Tuesday, July 22, 2008

He is back! Oh, he is back!


Safely returned from the Bush, we are up and running again. Enjoy.

In answer to your first question: it was a wonderful year in Alaska.

Second question: 56 degrees below zero.

Your humble servant.

A Lamentation on the Media--Part I


"The basis of our governments being the opinion of the people,
the very first object should be to keep that right; and were it
left to me to decide whether we should have a government without
newspapers or newspapers without a government, I should
not hesitate a moment to prefer the latter."
--Thomas Jefferson to Edward Carrington, 1787.

I regret to inform you all that Mr. J is probably spinning in his grave about now. All is not well.

Jefferson’s notion, of course, was that a free and open press is absolutely essential in a democracy. If the press was not free, the people could have no idea what the government was doing for them or to them. With a free press, the people would know and would be able to fix the flaws, correct the mistakes, and--one hopes--elect people to office who would do the right things. The people could protect themselves from the government--the whole purpose of the American Revolution.

Mr. J was right and--despite all its flaws and abuses and ethical challenges--the free press in America has generally served the people well. In the modern time, two reporters for the Washington Post were able to actually bring down a president, the only presidential resignation in history. It was a free press that published the Pentagon Papers, stood up to government attack and won its freedom in the Supreme Court. It was the free press that described the morass of the Vietnam War and is doing the same in Iraq. It was a free press in the last few years that has told us about American troops misbehaving at a prison in Iraq, of high government officials lying about the reasons for a war-- and the horror and tragedy of the greatest attack on America since Pearl Harbor and the assault on the Constitution that ensued. It was the fury of television reporters in New Orleans that first descried the total failure of government in the face of the worst natural disaster in American history. Corrupt members of Congress have gone to jail because of a free press--an attorney general was fired because of a free press--the government was caught eavesdropping on American citizens without a warrant--and we know of people arrested and kept in jail without charges because of a free press. Jefferson--who was, by the way, a constant target of unscrupulous editors in his time--should be pleased, yes? No.
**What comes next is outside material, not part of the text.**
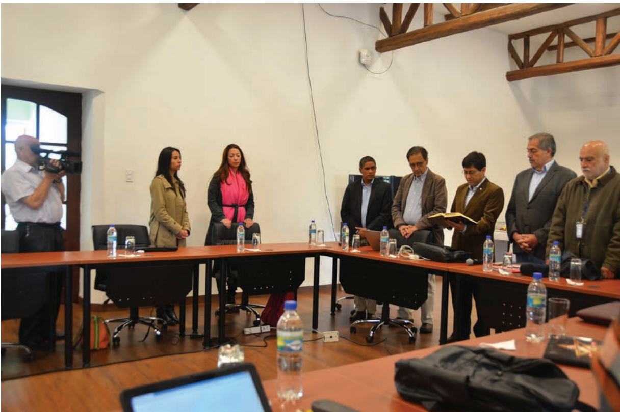
Um dos diálogos de paz entre o governo colombiano e o ELN.

O texto está estruturado da seguinte forma. A primeira parte apresenta um pano de fundo do conflito na Colômbia e resume as principais características e dinâmicas do ELN, diferenciando-o dos demais grupos armados ilegais que surgiram no país, sobretudo as FARC e o M-19. Em seguida, o texto analisa o papel do Brasil na segurança latino-americana, com destaque para o seu histórico na mediação de conflitos através da diplomacia preventiva, e examina a sua relevância como garante nas negociações com o ELN. A terceira e última parte oferece algumas recomendações concretas para que o Brasil amplie suas contribuições para a consolidação da paz na Colômbia e, de forma mais abrangente, para que possa fortalecer sua capacidade de atuação na prevenção e resolução de conflitos armados internacionais.

The American press no longer is as free as it once was--not because some despot has sent police into newsrooms, not because stories have to go through censorship, or reporters and editors have to be licensed. None of that has happened. The press is less free because of rampant capitalism.

I would like to make the argument that it is difficult if not impossible for a publicly traded company to do first class journalism. It can be done, but it requires either publishers with astonishing courage or at least a corporate structure that protects them from the pressures of Wall Street. Those publishers are now a seriously endangered species.

It is no accident that as long as 10 years ago, the four best newspapers in America were family owned or controlled. The Los Angeles Times was controlled by the Chandler family--the Washington Post by the Grahams--the New York Times by the Sulzbergers--and the Wall Street Journal by the Bancrofts. Then the LA Times was sold to the Tribune Co., and most recently, the Journal went to the News Corp. In the same time, the Sulzburgers are having to fight off pressure from investors. They want to alter the corporate structure so regular stock holders could have more of a say in running America’s premier newspaper, God forbid. The Grahams know they could be next.

In the same time, one of the country's best newspaper chains, Knight Ridder, for whom I once worked, no longer exists, the result of capitulation by the family that controlled it to pressures from outside investors. CNN, founded by Ted Turner and once a premier world-wide news source, is now owned by Time-Warner and devotes weeks covering celebrity trials and trying to compete with Rupert Murdoch’s Fox News, a useless task. CBS, once the “Tiffany Network,” the home of the sainted Edward R. Murrow and the legendary “Murrow’s Boys," was owned by Viacom, and was spun off two years ago, but its once premier news operation is a ghost of itself. At one time it was thinking of outsourcing it’s Iraq coverage to CNN. It spent about $15 million a year to hire Katy Couric, who has failed to bring in the viewers. The idea of spending that money on news coverage--say a few more reporters and producers or a bureau or two--never occurred to management. NBC is owned by the same people who probably made the light bulbs in this room and the people at ABC may get their paychecks with Mickey Mouse’s picture on it. Literally.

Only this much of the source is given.